Pregúntense: ¿son libres? Muchos se inclinan a contestar “sí “ si están relativamente seguros en un sentido material y no tienen que inquietarse acerca del mañana; si no dependen de nadie para la subsistencia o para la elección de las condiciones de vida. Pero ¿es esto libertad? ¿Se trata sólo de condiciones exteriores? …

Al hablar sobre diferentes temas, he notado lo difícil que es el transmitir, aunque sea a una persona bien conocida, la comprensión que se tiene hasta del tema más ordinario. Nuestro idioma es demasiado pobre para descripciones completas y exactas. Más tarde, encontré que esta falta de comprensión entre un hombre y otro es un fenómeno matemáticamente ordenado, tan preciso como las tablas de multiplicar. En general, depende de la así llamada “psique” de la gente de que se trata y, en particular, del estado de su psique en un momento dado.

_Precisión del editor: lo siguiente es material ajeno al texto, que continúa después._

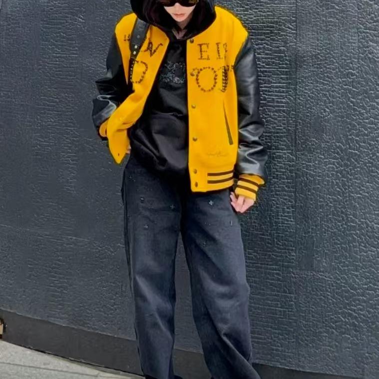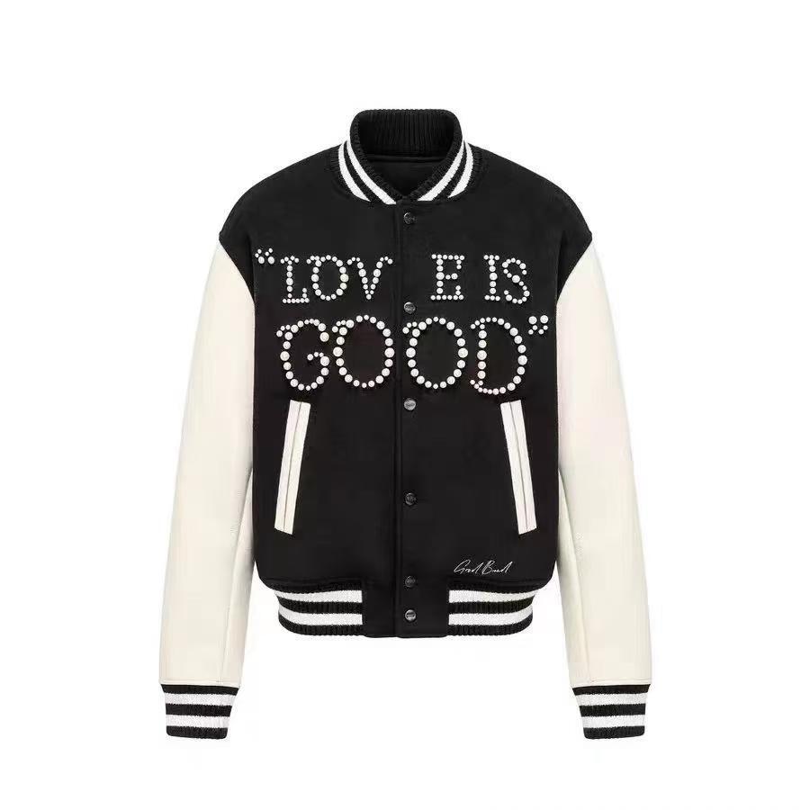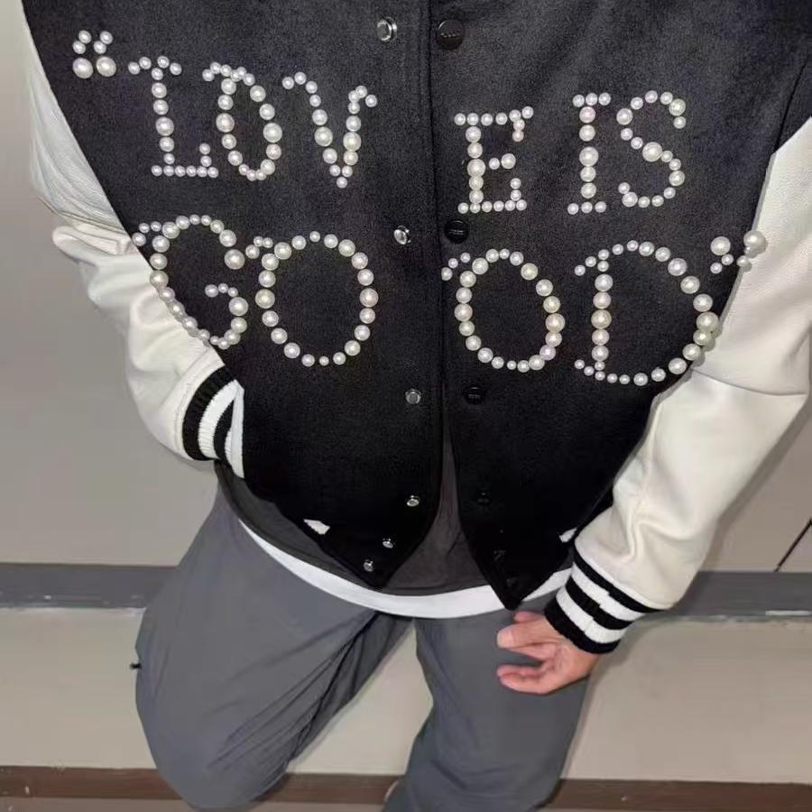 买手店GOOD经典棒球服外套珍珠外套刺绣皮革拼接立领夹克男女

La verdad de esta ley puede verificarse a cada paso. Para ser comprendido por un hombre, no sólo es necesario para el que habla saber cómo hablar, sino también para el que escucha saber cómo escuchar. Y es por esto que puedo decir que si yo hablara del modo que considero exacto, todos aquí, con muy pocas excepciones, pensarían que estoy loco. Pero como ahora tengo que hablar para mi auditorio tal cual es, y mi auditorio tendrá que escucharme, primero debemos establecer la posibilidad de un entendimiento común. Mientras hablamos, debemos señalar gradualmente los hitos de una conversación productiva. Todo lo que quiero sugerir en este momento es que traten de mirar los fenómenos y cosas que les rodean, especialmente a ustedes mismos desde un punto de vista, desde un ángulo, que puede ser diferente a lo que es usual o natural para ustedes. Sólo mirar, porque el hacer más sólo es posible con el deseo y la cooperación del que escucha, cuando el que escucha deja de escuchar pasivamente y empieza a hacer, es decir, cuando se mueve hacia un estado activo.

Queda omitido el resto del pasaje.